Introduction à la technologie Blockchain

La Blockchain est partout en ce moment. Mais tout le monde n’a pas encore bien compris de quoi on parlait, la phase d’évangélisation n’est pas encore finie. Voici une explication assez courte qui peut vous aider à comprendre de quoi il s’agit et aussi vous aider à l’expliquer aux autres.

Bitcoin, à l’origine de la Blockchain

Pour comprendre ce qu’est la Blockchain et comment elle fonctionne, il est nécessaire de revenir à la source, celle du Bitcoin.
Pour les utilisateurs, Bitcoin est un réseau pair à pair (P2P) permettant de transférer de l’argent aussi facilement que d’envoyer un e-mail, sans avoir recours à une entité centrale, telle une banque.
Bitcoin est un grand livre de comptes – ou registre – partagé sur lequel on inscrit des transactions. “Partagé”, car chacun possède une copie du registre. La conséquence est que toute altération de ce registre, intentionnelle ou non, est immédiatement rejetée par le réseau. Ainsi, les utilisateurs de Bitcoin savent qu’une fois leur transaction inscrite sur le registre, personne ne pourra l’effacer ou la modifier. Ils font ainsi confiance au réseau, sans devoir faire confiance à chacun des membres de ce réseau. Cette notion de confiance est cruciale, nous y reviendrons.
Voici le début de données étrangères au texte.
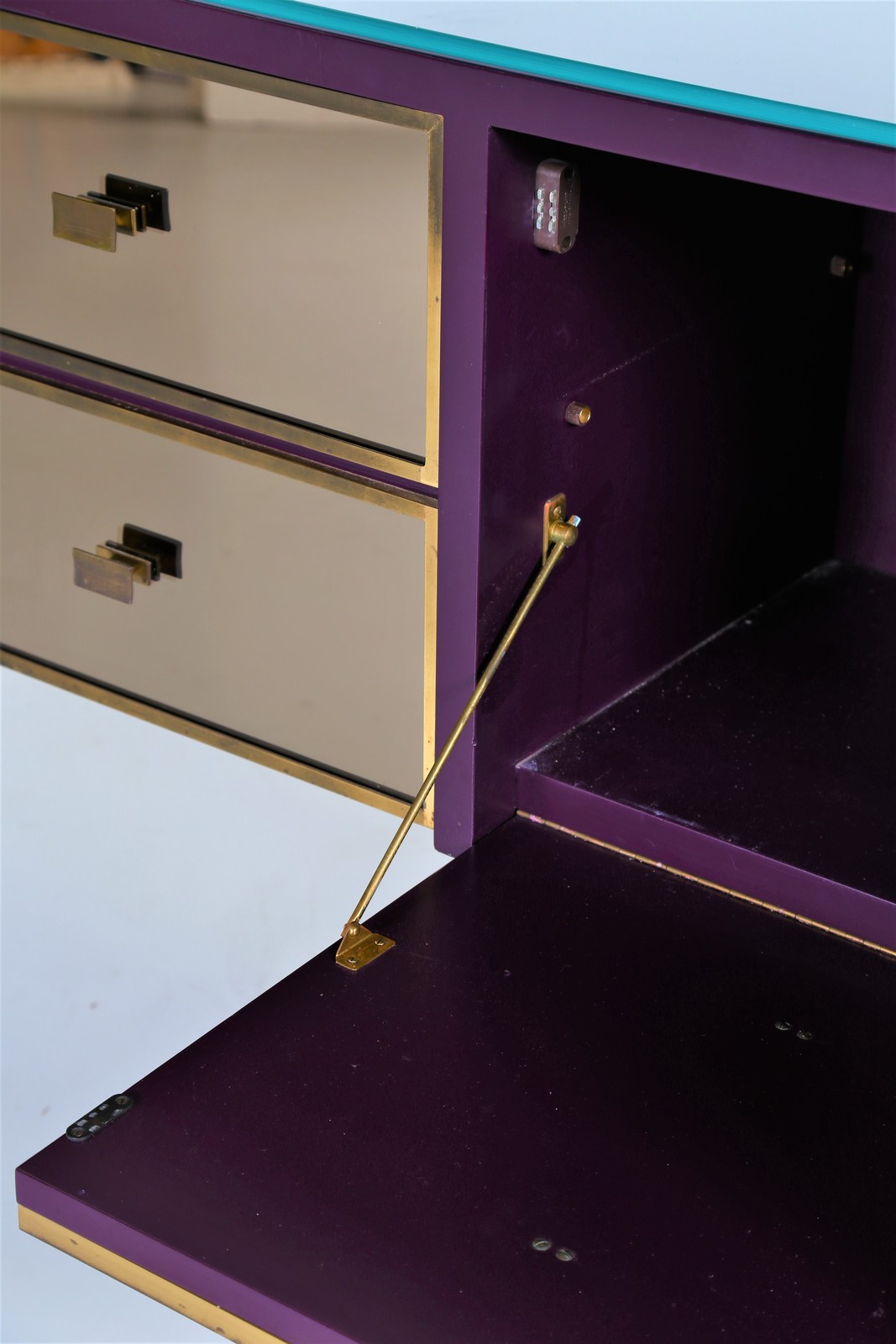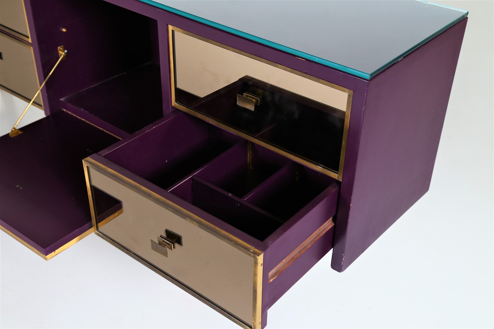 FONTANA ARTE Attrib. Mobile sospeso in legno laccato, piano in vetro e dettagli inottone, anni 50. -. Cm 299,00 x 46,50 x 40,00.

Handwritten accounting on the open pages of some old ledgers

Handwritten accounting on the open pages of some old ledgers

Disséquons maintenant l’inscription d’une transaction dans ce registre partagé et prenons un exemple simple de transaction : “Alice transfère 3 bitcoins à Bob”.

Pour effectuer cette transaction, Alice ne passe donc pas par sa banque mais s’adresse directement à l’ensemble du réseau pour indiquer à tous qu’elle souhaite inscrire cette nouvelle transaction dans le registre. Le registre étant partagé, n’importe qui peut demander l’écriture d’une transaction. Mais le protocole Bitcoin exige une sorte de signature électronique sur chacune des transactions. Cette signature a le même rôle qu’une signature manuscrite : prouver qu’une transaction a été créée par le véritable propriétaire du compte, ainsi seule Alice peut dépenser ses bitcoins. Les signatures sont différentes pour chaque transaction, il est donc inutile de copier une signature existante.
Mais s’il n’existe pas d’autorité centrale, qui va valider les transactions et les écrire dans le registre partagé ? Étonnamment, tous ceux qui veulent !

L’objectif premier de Bitcoin est de fournir un système décentralisé, qu’aucun gouvernement ou société ne peut contrôler. Quand Alice envoie sa transaction, celle-ci est transférée à tous les noeuds du réseau P2P qui maintiennent le registre, les fameux « mineurs ». Chaque mineur conserve une copie personnelle du registre et le met à jour chaque fois qu’il reçoit une nouvelle transaction avec une signature valide.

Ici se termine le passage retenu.